# [Available data]
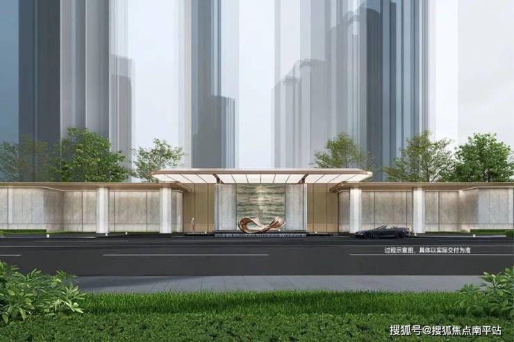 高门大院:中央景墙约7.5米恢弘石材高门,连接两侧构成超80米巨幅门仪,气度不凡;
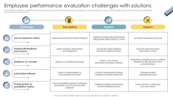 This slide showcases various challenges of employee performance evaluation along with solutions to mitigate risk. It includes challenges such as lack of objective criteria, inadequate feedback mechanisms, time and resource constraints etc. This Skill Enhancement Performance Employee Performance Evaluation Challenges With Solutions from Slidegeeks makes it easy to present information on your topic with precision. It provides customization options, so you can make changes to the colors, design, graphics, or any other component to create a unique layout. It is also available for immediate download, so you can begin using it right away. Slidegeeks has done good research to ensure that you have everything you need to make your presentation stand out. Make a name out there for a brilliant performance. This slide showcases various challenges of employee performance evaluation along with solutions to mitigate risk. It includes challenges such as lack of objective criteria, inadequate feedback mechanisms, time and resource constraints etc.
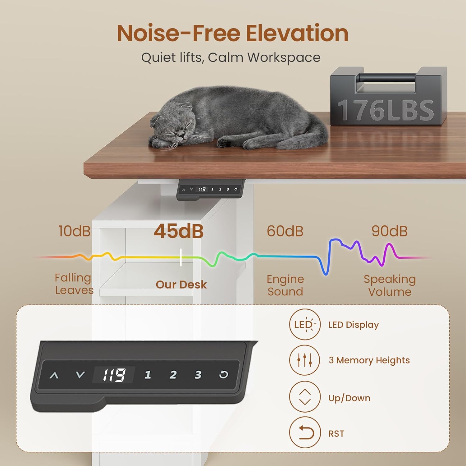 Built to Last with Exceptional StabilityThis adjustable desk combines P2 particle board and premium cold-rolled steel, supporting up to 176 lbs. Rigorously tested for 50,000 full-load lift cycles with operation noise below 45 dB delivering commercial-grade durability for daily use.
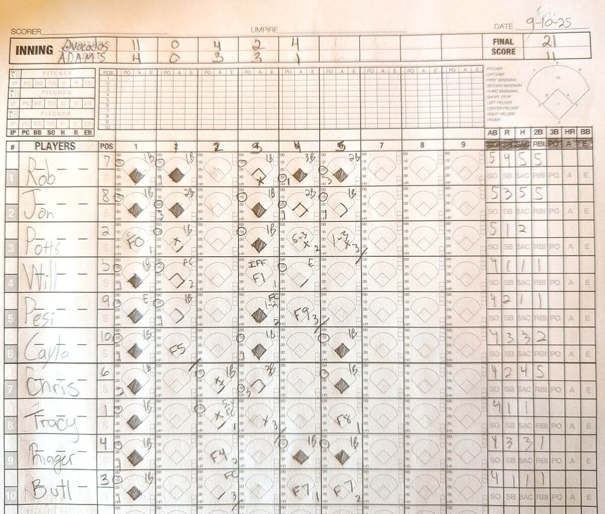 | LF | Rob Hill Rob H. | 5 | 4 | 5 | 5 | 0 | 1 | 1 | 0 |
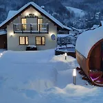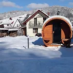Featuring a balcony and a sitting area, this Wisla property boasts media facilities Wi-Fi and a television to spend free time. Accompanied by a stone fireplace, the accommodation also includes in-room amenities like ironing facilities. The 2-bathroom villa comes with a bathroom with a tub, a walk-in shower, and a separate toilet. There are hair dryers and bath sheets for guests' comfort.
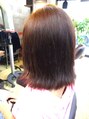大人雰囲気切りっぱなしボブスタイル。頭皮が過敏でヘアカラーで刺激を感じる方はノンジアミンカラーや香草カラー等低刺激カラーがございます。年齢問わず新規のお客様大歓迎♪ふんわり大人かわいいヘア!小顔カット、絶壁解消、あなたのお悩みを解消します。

# [Activity]
Reproduce exactly, and only, the lines that begin at the one containing "Featuring a balcony" and end with the final line of the data, both included, while omitting every picture.

# [Solution to this exercise]
Featuring a balcony and a sitting area, this Wisla property boasts media facilities Wi-Fi and a television to spend free time. Accompanied by a stone fireplace, the accommodation also includes in-room amenities like ironing facilities. The 2-bathroom villa comes with a bathroom with a tub, a walk-in shower, and a separate toilet. There are hair dryers and bath sheets for guests' comfort.
大人雰囲気切りっぱなしボブスタイル。頭皮が過敏でヘアカラーで刺激を感じる方はノンジアミンカラーや香草カラー等低刺激カラーがございます。年齢問わず新規のお客様大歓迎♪ふんわり大人かわいいヘア!小顔カット、絶壁解消、あなたのお悩みを解消します。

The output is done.